§ **Task goal**:
Although the material holds pictures, none belong in the copy; transcribe exactly, and only, the lines from the one with "The atmosphere is" through the end.

§ **Given data**:
----------
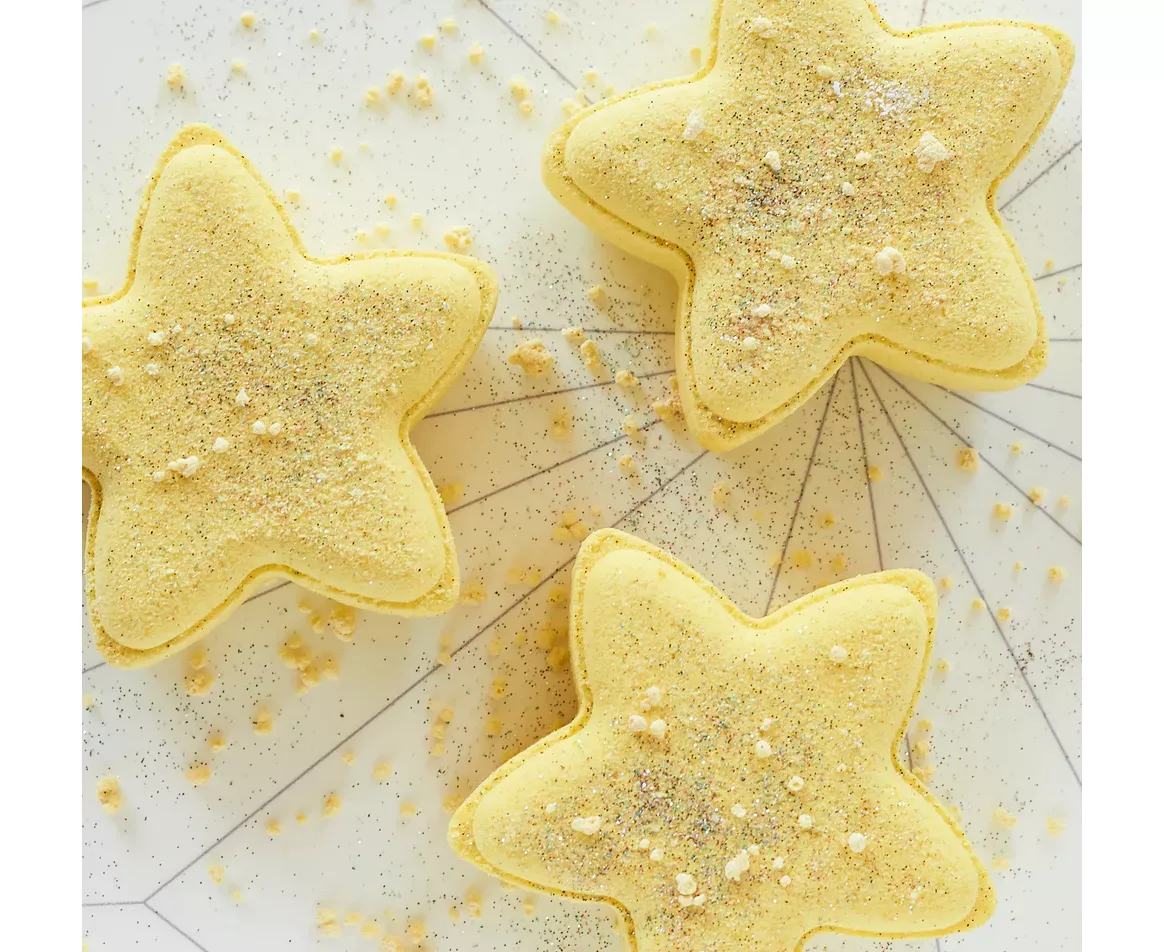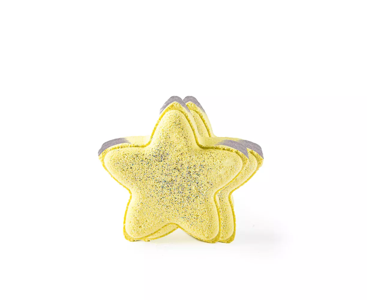 Our little super 'star' fizzy bath bomb that's going to make bathing a fun bubbly play time. As you put the fizzy into water, it releases multi-colors from all its sides and makes your tub a beautiful, fun-filled bathing haven.
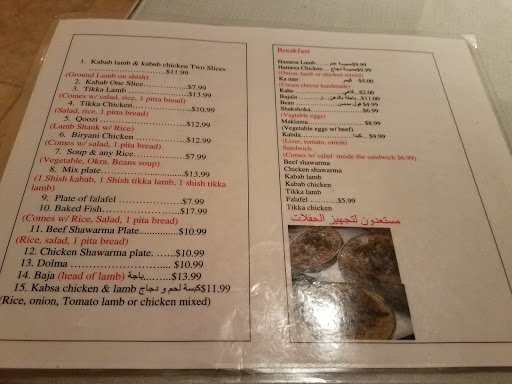 The atmosphere is friendly and comfortable. The food is authentic and tasty. Everyone is welcomed like family. Fresh hot Iraqi bread is served with your meal. Portion sizes are large and filling. The kabobs are flavorful - chicken, beef or lamb. The tikki chicken is one of my favorites. The fish and rice is a popular dish. The vegetable soup is savory and the eggplant complements the tomatoes and other vegetables.
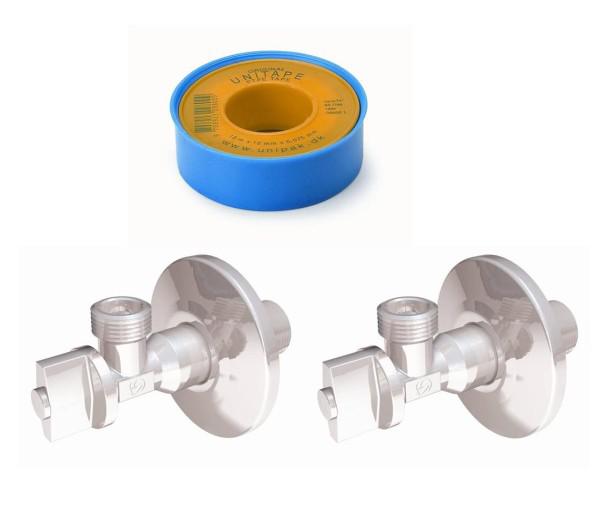 2 stk. Stopventil til væggen i ½ x 3/8" (vandtilslutningen kan foretages med flexrør med 3/8" omløber) |
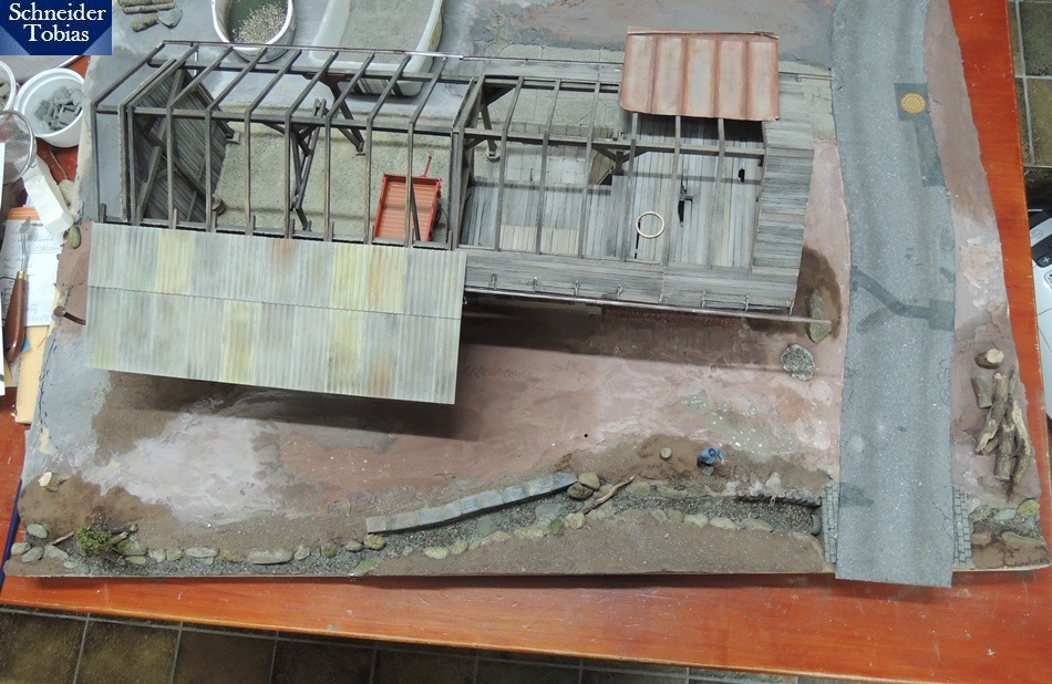 Die Straße ist dir mehr als gelungen, besonders gefallen mir da die beschädigten Stellen im Teer, das sieht sehr realistisch aus! Das letzte Bild sieht ein bisschen nach Baustelle aus wo ein Rohr repariert/ausgetauscht wird? Bin gespannt wo du das noch unterbringst, ich hab noch keine Stelle entdeckt
----------
§ **Result below**:
 The atmosphere is friendly and comfortable. The food is authentic and tasty. Everyone is welcomed like family. Fresh hot Iraqi bread is served with your meal. Portion sizes are large and filling. The kabobs are flavorful - chicken, beef or lamb. The tikki chicken is one of my favorites. The fish and rice is a popular dish. The vegetable soup is savory and the eggplant complements the tomatoes and other vegetables.
 2 stk. Stopventil til væggen i ½ x 3/8" (vandtilslutningen kan foretages med flexrør med 3/8" omløber) |
 Die Straße ist dir mehr als gelungen, besonders gefallen mir da die beschädigten Stellen im Teer, das sieht sehr realistisch aus! Das letzte Bild sieht ein bisschen nach Baustelle aus wo ein Rohr repariert/ausgetauscht wird? Bin gespannt wo du das noch unterbringst, ich hab noch keine Stelle entdeckt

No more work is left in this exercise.